Faktycznie, są bardzo ważne, ale aktualnie grzałka to wydatek rzędu 15 złotych, sama pilnuje temperatury, włączamy ją do prądu i jest. Pleśniawka u ryb, infekcje bakteryjne, grzybice, są zdecydowanie częściej powodowane przez brud w zbiorniku, ale przy jednoczesnym niedopilnowaniu odpowiedniej temperatury dla gatunku. Niska temperatura dla welonów i kardynałów reguluje ich aktywność.
pH to parametr, który pilnujemy, jeżeli mamy w akwarium wodę demineralizowaną. W wodzie kranowej nie ma większego sensu go mierzyć, bo nie ma możliwości go zmienić. Ogromna ilość węglanu wapnia tak buforuje pH, że zbicie go jest nie dość, że trudne, to jeszcze szkodliwe dla ryb.
Wahania odczynu są wówczas tak duże, że więcej dają szkody, niż pożytku. Zmiany pH przez nadmiar procesów rozkładu materii organicznej w akwarium, to zupełnie inny temat, ale tu robimy podmianę i sprawa załatwiona. pH nie ma większego znaczenia przy większości ryb, o ile nie zaczniemy przy nim kombinować.
Chloroza a chlor
Wszyscy jesteśmy przekonani o tym, że w wodzie jest chlor, ale rzadko kto go sprawdza. Jeżeli zaczniemy to robić, okaże się, że tego chloru tam właściwie nie ma, ale wiele zależy od dnia, pory roku, stacji poboru wody i wielu innych spraw.

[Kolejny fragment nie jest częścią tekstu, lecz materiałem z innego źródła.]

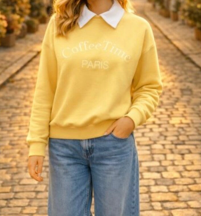 Sweat Coffee Time Jaune col polo léger très agréable à porter parfait pour le printemps
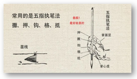 1、执笔方法:推荐“五指执笔法”(擫、押、钩、格、抵),手指自然弯曲,掌心空虚,笔杆垂直,松紧适度(以提起笔不掉落为宜)。
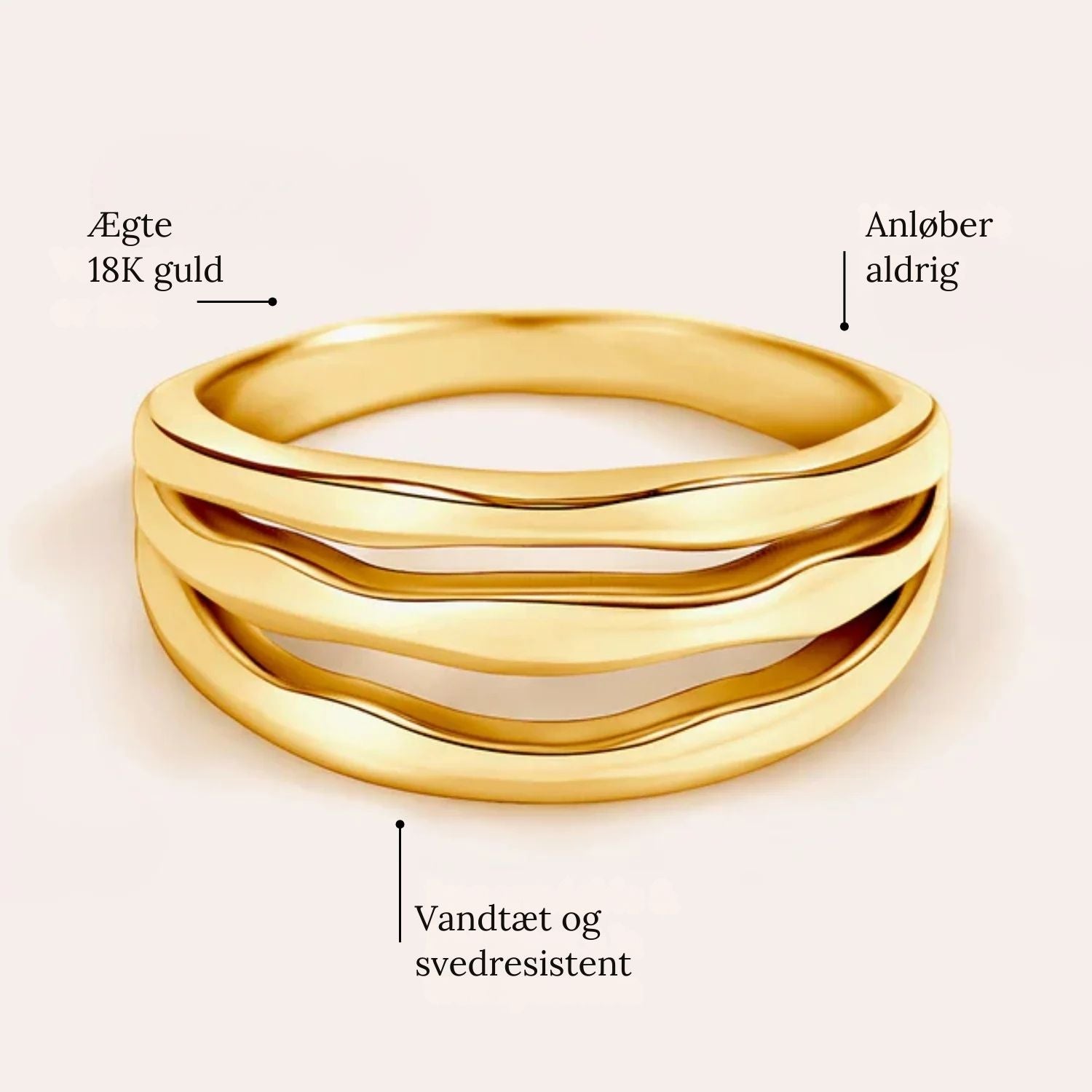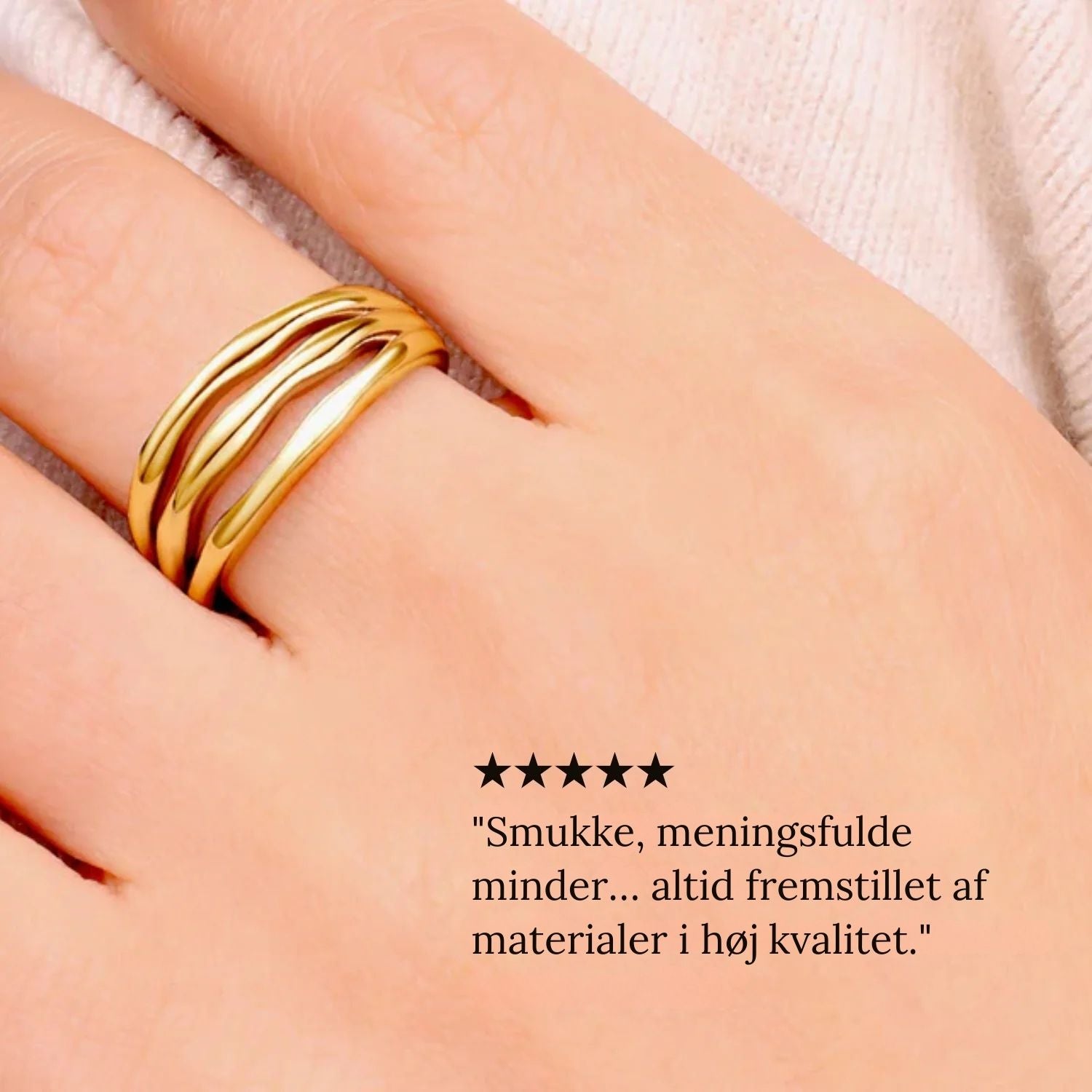 En ring med et dristigt og raffineret design – perfekt til at løfte dine hverdagslooks eller til at give et glamouriøst touch ved særlige lejligheder. De tre sammenflettede bånd forener klassisk elegance med et moderne præg og skaber et smykke, der både er alsidigt og tidløst.
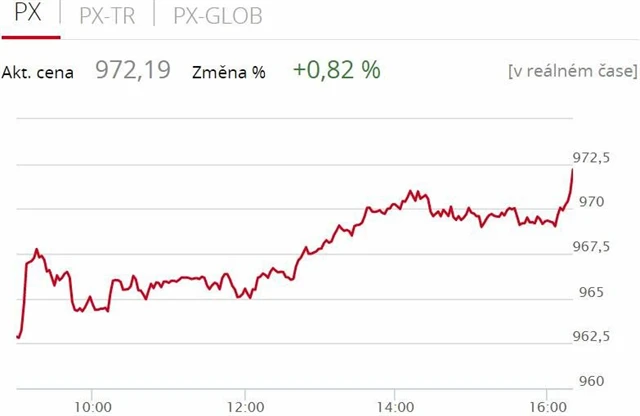 Pražská burza začala nový týden pozitivně, index PX stoupl o 0,82 % na 972,19 bodu. Nahoru burzu táhla zejména Erste Group Bank, nedařilo se naopak Monetě Money Bank a petrochemickému holdingu Unipetrol. Objem obchodů byl s 679 miliony korun mírně nadprůměrný.
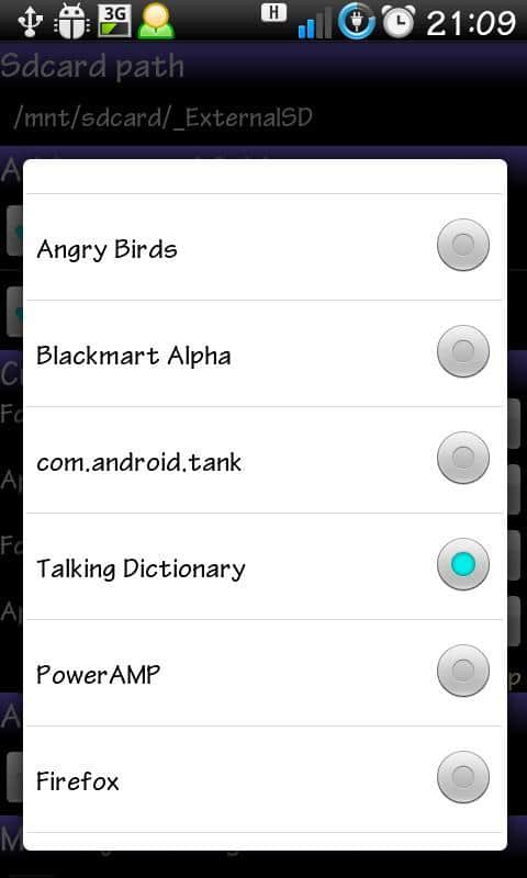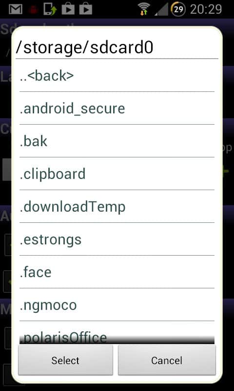 - Eğer /sdcard/Android/data klasörlerini taşıdıysanız, Menüye tıklayın ve "/sdcard/Android" seçeneğini işaretleyin, ardından 'Ekle'ye tıklayın ve programı yeniden başlatın.
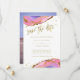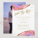 De här eleganterna, de moderna bröllop spara datum-korten, har trendigets rosa och de blå geodetiska färgstenarna med handskript och accenter från Faux guld. Ditt personliga foto går på baksidan.
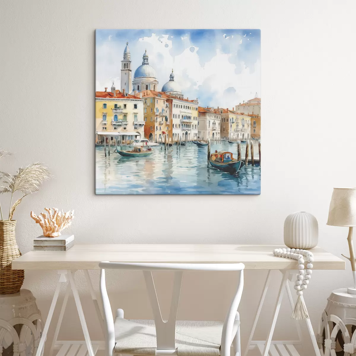 Obraz Akvarel krajina Benátky, záliv, rieka, architektúra, krajina, lode, gondola Nr. s38908
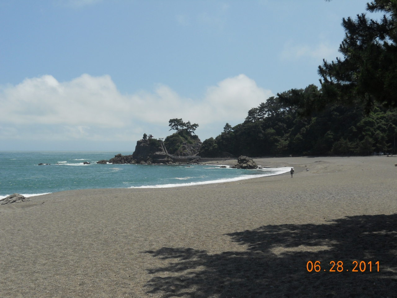 大河ドラマの「龍馬伝」を見るまで、桂浜の存在は実は知らなかったのですが、ドラマを見て以来とても見に行きたい場所の1つになりました。 坂本龍馬像のすぐ下をおりると見える、桂浜。 私達が見に行った時は波は静かに見えましたが、桂浜は波が高いので遊泳禁止の浜だそうです。 ここを実際に坂本龍馬が歩いたのかな…って思いながら実際に自分も歩けるというのが良い記念になりました。
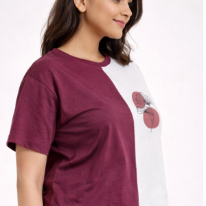 Stylish M&T women’s crop top featuring a trendy white & maroon color-block design with elegant floral print. Soft, breathable fabric with a comfortable fit—perfect for daily wear and casual outings.
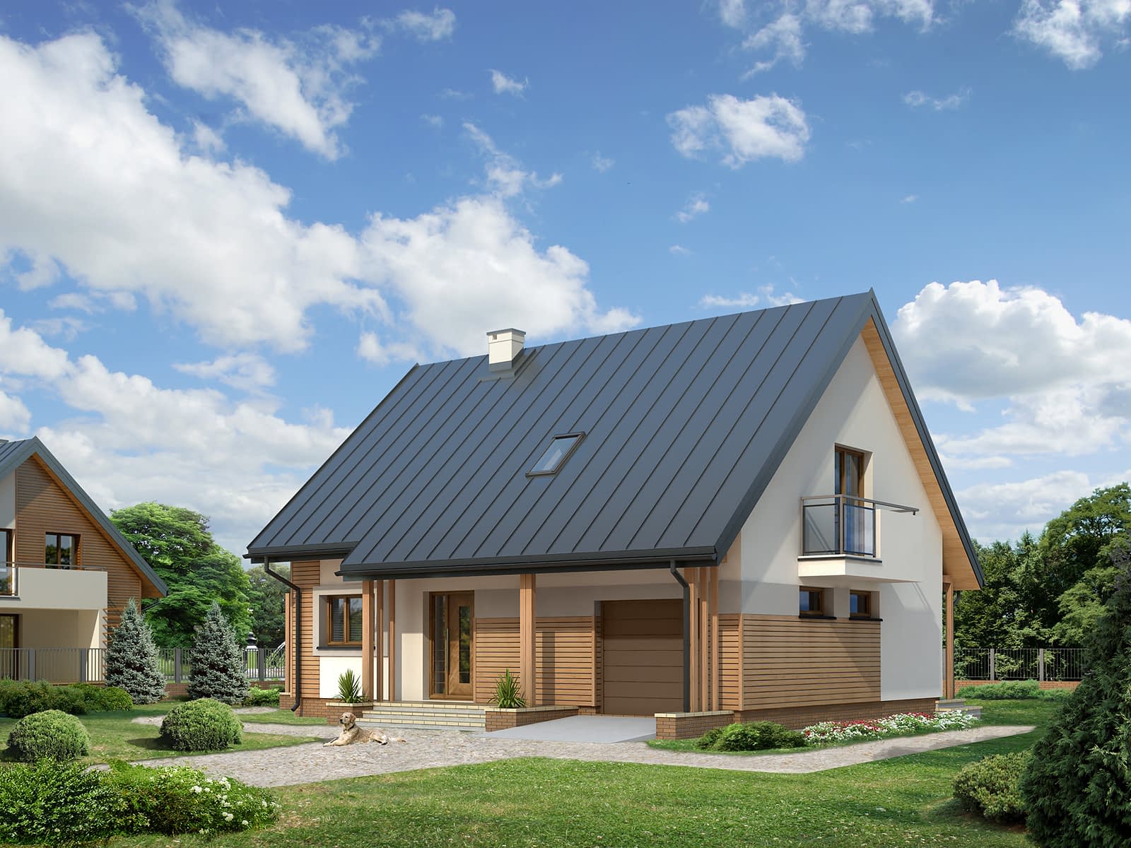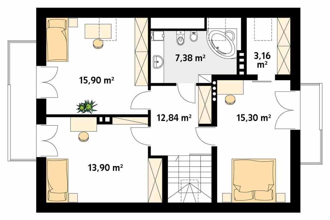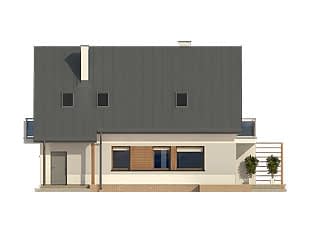 Niewielki ale wygodny dom dla 4 – 5-osobowej rodziny. Zlokalizowana na parterze część dzienna mieści w sobie przestronny pokój dzienny, jadalnię, kuchnię ze spiżarnią i gabinet, dodatkowo są tu: łazienka, duża kotłownia i jednostanowiskowy garaż. Na poddaszu znajdują się trzy obszerne sypialnie z wyjściami na dwa balkony, łazienka i garderoba. Prosta bryła z dwuspadowym dachem czyni dom łatwym w realizacji i tanim w użytkowaniu.Konstrukcja
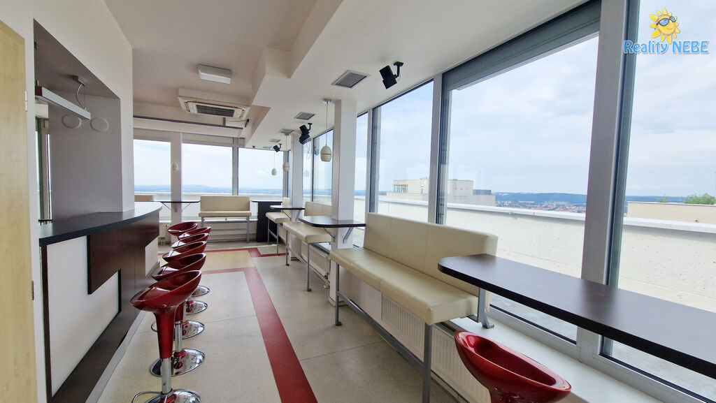 V celém 16. NP se pak nachází koktejlbar s wellness zázemím a terasou (214 m2) – koktejlbar (59 m2 – bar, ozvučení Bose, diskoefekty, 34 míst k sezení, 2x WC), převlékárna (7 m2 – parní lázeň, uzamykatelné skříňky), okružní terasa (148 m2 – sauna finská / parní / 5 míst, vířivá vana /7 míst/, gril bar, 30 míst k sezení, denní a noční dalekohled s kruhovým výhledem na Brno a okolí až 120 km).
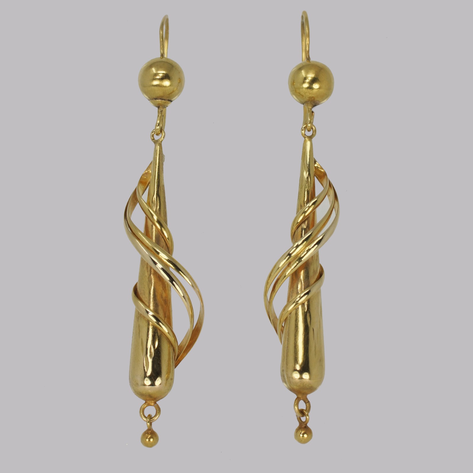 Victorian 18ct Gold Drop Earrings Antique 2 1/2" Long Dangling Earrings c.1890
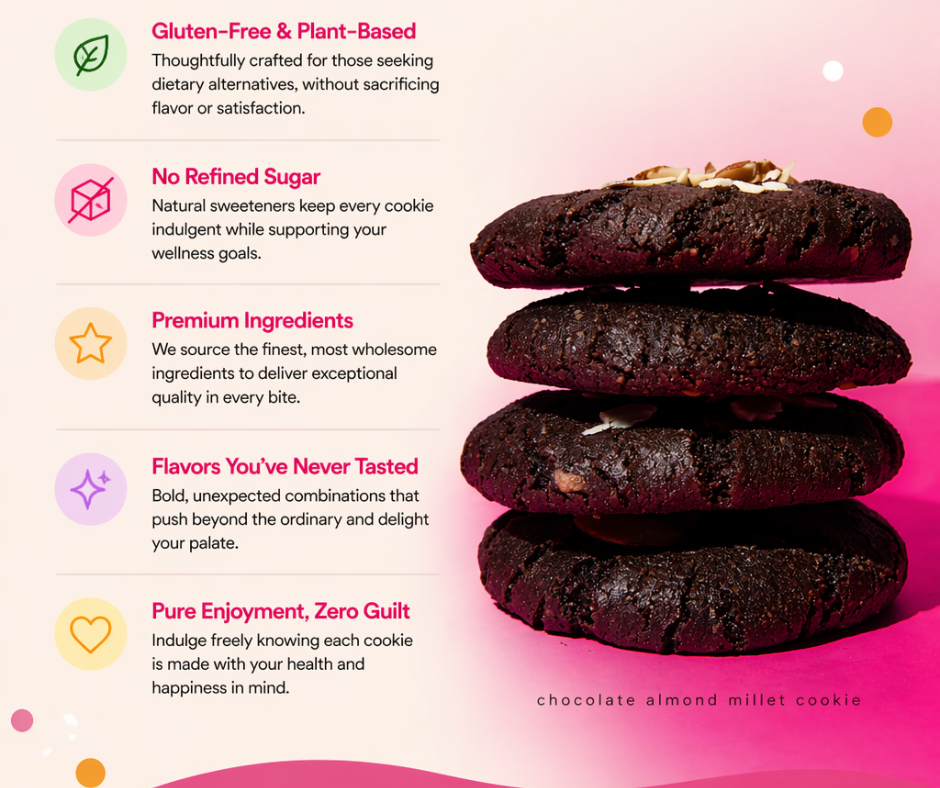 Whether you have health concerns or simply want to make better choices, our cookies let you enjoy every bite without second thoughts.

Chloroza u roślin nie ma nic wspólnego z chlorem, jest niedoborem nawozu – azotu.
Chlor jest też niekiedy dodawany interwencyjnie, gdy parametry wody w kranie z jakiegokolwiek powodu się pogorszą. Już większa szansa jest spotkać metale ciężkie, ale one są bardziej szkodliwe dla krewetek, niż ryb.
Jeżeli kupujemy uzdatniacze i odstawiamy wodę, ustawmy skarbonkę, wrzucajmy drobne i uzbierajmy na testy na chlor. Sprawdzimy, jak jest naprawdę i może się okaże, że oszczędzimy sobie wiele niepotrzebnej roboty.
Choroby ryb akwariowych
Choroby ryb akwariowych to w ogromnej większości nie pleśniawka u ryb, mykobakteriozy, wrzodzienice, pasożyty, ale czynniki środowiskowe, które spowodowały namnożenie podanych patogenów. Akwarystyka lubi sumienność w czyszczeniu zbiornika (szczególnie i gupików i welonów).
Jeżeli tych czynników stresowych nie usuniemy ze środowiska ryb, możemy walczyć z chorobami ryb bardzo długo i nieskutecznie. Dlatego zacznijmy leczenie, a jeszcze lepiej – profilaktykę – od sprawdzenia parametrów wody.
Wszystkie patogeny (pasożyty, bakterie) lubią dużo brudu. Jeżeli im go odbierzemy, zobaczymy, że nasze ryby akwariowe są zdrowsze i ładniejsze. Nie wybierajmy z wymagań ryb słodkowodnych tylko tego, ile potrzebują stopni Celsjusza i jakie pH, ale bardziej sprawdźmy, z jakimi innymi rybami mogą żyć (mieczyki – jakie są proporcje ilości samców do samic), czy mają odpowiednie podłoże i żywe rośliny.